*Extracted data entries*
════
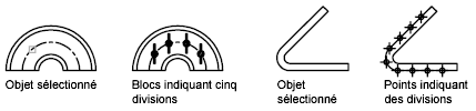 - Spécification d'une valeur correspondant à des distances égales entre les points ou blocs d'un objet sélectionné (commande DIVISER)
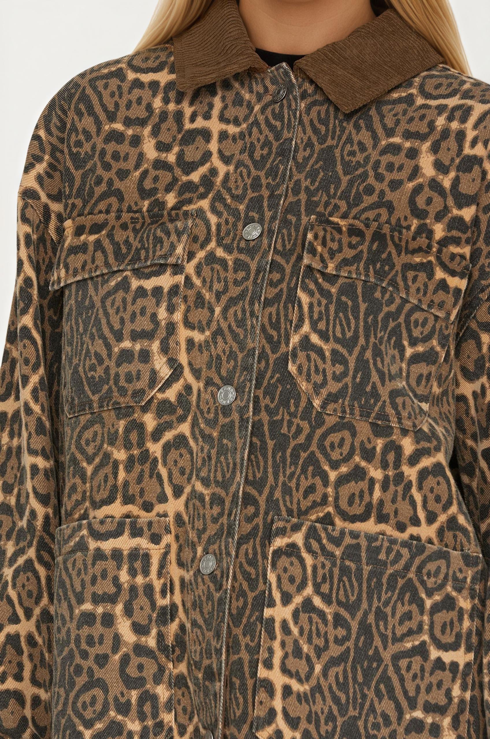 - A relaxed leopard print shacket with button-front closure, oversized pockets, and a contrast corduroy collar, offering versatile layering that blends bold style with everyday comfort.
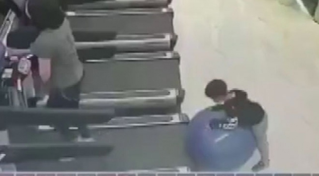 Çin’de bir spor salonundaki kazada küçük bir çocuk, oynadığı pilates topunun sıkışması sonucu kolunu koşu bandına kaptırdı.
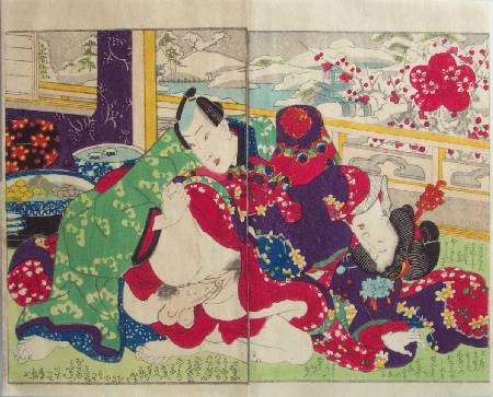 Before a snow-laden backdrop--a couple is seen locked in a love-making embrace. (Exceptionally clean for "shunga.") |
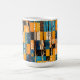Fall Trees Autumn Leaf Colours Patchwork Pattern ceramic coffee mug in golden yellow, turquoise blue and black. Brighten up your mornings and afternoon pick me ups with this beautiful woodland mountain nature inspired fall leaves and trees pattern mug. Warm cozy outdoor vibes for your autumn coffee breaks. These autumn patchwork pattern coffee mugs make a charming gift that will delight family and friends.
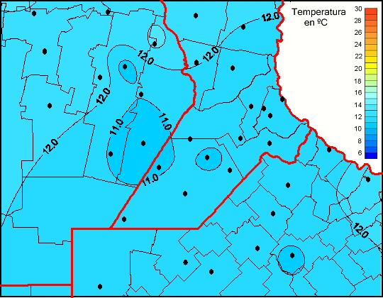 Mapa de temperaturas medias de las las últimas 48 horas.(Desde las 8:00AM hasta las 8:00AM). Se actualiza a las 10:00hs.
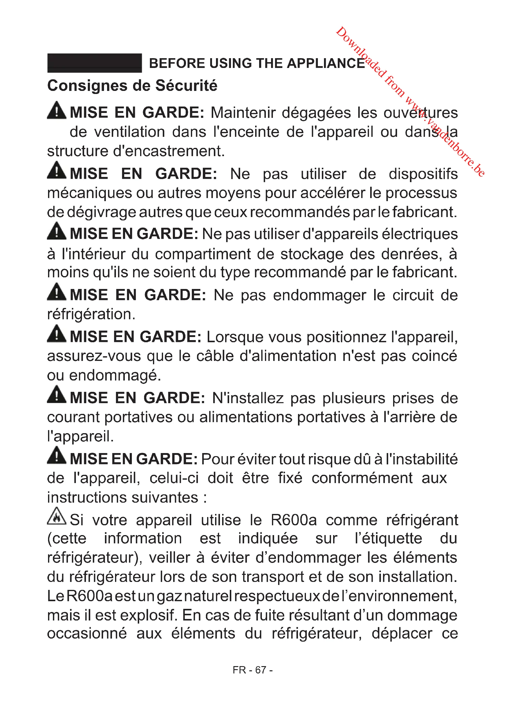 - LES PARTIES DE L’APPAREIL ET LES COMPARTIMENTS Downloaded from www.vandenborre.beFR - 67 - BEFORE USING THE APPLIANCE SECTION - 1. Consignes de Sécurité MISE EN GARDE: Maintenir dégagées les ouvertures de ventilation dans l'enceinte de l'appareil ou dans la structure d'encastrement. MISE EN GARDE: Ne pas utiliser de dispositifs mécaniques ou autres moyens pour accélérer le processus de dégivrage autres que ceux recommandés par le fabricant. MISE EN GARDE: Ne pas utiliser d'appareils électriques à l'intérieur du compartiment de stockage des denrées, à moins qu'ils ne soient du type recommandé par le fabricant. MISE EN GARDE: Ne pas endommager le circuit de réfrigération. MISE EN GARDE: Lorsque vous positionnez l'appareil, assurez-vous que le câble d'alimentation n'est pas coincé ou endommagé. MISE EN GARDE: N'installez pas plusieurs prises de courant portatives ou alimentations portatives à l'arrière de l'appareil. MISE EN GARDE: Pour éviter tout risque dû à l'instabilité de l'appareil, celui-ci doit être xé conformément aux instructions suivantes : Si votre appareil utilise le R600a comme réfrigérant (cette information est indiquée sur l’étiquette du réfrigérateur), veiller à éviter d’endommager les éléments du réfrigérateur lors de son transport et de son installation. Le R600a est un gaz naturel respectueux de l’environnement, mais il est explosif. En cas de fuite résultant d’un dommage occasionné aux éléments du réfrigérateur, déplacer ce Downloaded from www.vandenborre.beFR - 68 - dernier an de l’éloigner de toute amme nue ou source de chaleur et aérer la pièce où se trouve l’appareil pendant quelques minutes. p. 87
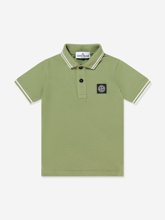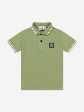Stone Island Boys Compass Patch Polo Shirt in Green
════
Please give the records again word for word, omitting all images.

 - Spécification d'une valeur correspondant à des distances égales entre les points ou blocs d'un objet sélectionné (commande DIVISER)
 - A relaxed leopard print shacket with button-front closure, oversized pockets, and a contrast corduroy collar, offering versatile layering that blends bold style with everyday comfort.
 Çin’de bir spor salonundaki kazada küçük bir çocuk, oynadığı pilates topunun sıkışması sonucu kolunu koşu bandına kaptırdı.
 Before a snow-laden backdrop--a couple is seen locked in a love-making embrace. (Exceptionally clean for "shunga.") |
Fall Trees Autumn Leaf Colours Patchwork Pattern ceramic coffee mug in golden yellow, turquoise blue and black. Brighten up your mornings and afternoon pick me ups with this beautiful woodland mountain nature inspired fall leaves and trees pattern mug. Warm cozy outdoor vibes for your autumn coffee breaks. These autumn patchwork pattern coffee mugs make a charming gift that will delight family and friends.
 Mapa de temperaturas medias de las las últimas 48 horas.(Desde las 8:00AM hasta las 8:00AM). Se actualiza a las 10:00hs.
 - LES PARTIES DE L’APPAREIL ET LES COMPARTIMENTS Downloaded from www.vandenborre.beFR - 67 - BEFORE USING THE APPLIANCE SECTION - 1. Consignes de Sécurité MISE EN GARDE: Maintenir dégagées les ouvertures de ventilation dans l'enceinte de l'appareil ou dans la structure d'encastrement. MISE EN GARDE: Ne pas utiliser de dispositifs mécaniques ou autres moyens pour accélérer le processus de dégivrage autres que ceux recommandés par le fabricant. MISE EN GARDE: Ne pas utiliser d'appareils électriques à l'intérieur du compartiment de stockage des denrées, à moins qu'ils ne soient du type recommandé par le fabricant. MISE EN GARDE: Ne pas endommager le circuit de réfrigération. MISE EN GARDE: Lorsque vous positionnez l'appareil, assurez-vous que le câble d'alimentation n'est pas coincé ou endommagé. MISE EN GARDE: N'installez pas plusieurs prises de courant portatives ou alimentations portatives à l'arrière de l'appareil. MISE EN GARDE: Pour éviter tout risque dû à l'instabilité de l'appareil, celui-ci doit être xé conformément aux instructions suivantes : Si votre appareil utilise le R600a comme réfrigérant (cette information est indiquée sur l’étiquette du réfrigérateur), veiller à éviter d’endommager les éléments du réfrigérateur lors de son transport et de son installation. Le R600a est un gaz naturel respectueux de l’environnement, mais il est explosif. En cas de fuite résultant d’un dommage occasionné aux éléments du réfrigérateur, déplacer ce Downloaded from www.vandenborre.beFR - 68 - dernier an de l’éloigner de toute amme nue ou source de chaleur et aérer la pièce où se trouve l’appareil pendant quelques minutes. p. 87
Stone Island Boys Compass Patch Polo Shirt in Green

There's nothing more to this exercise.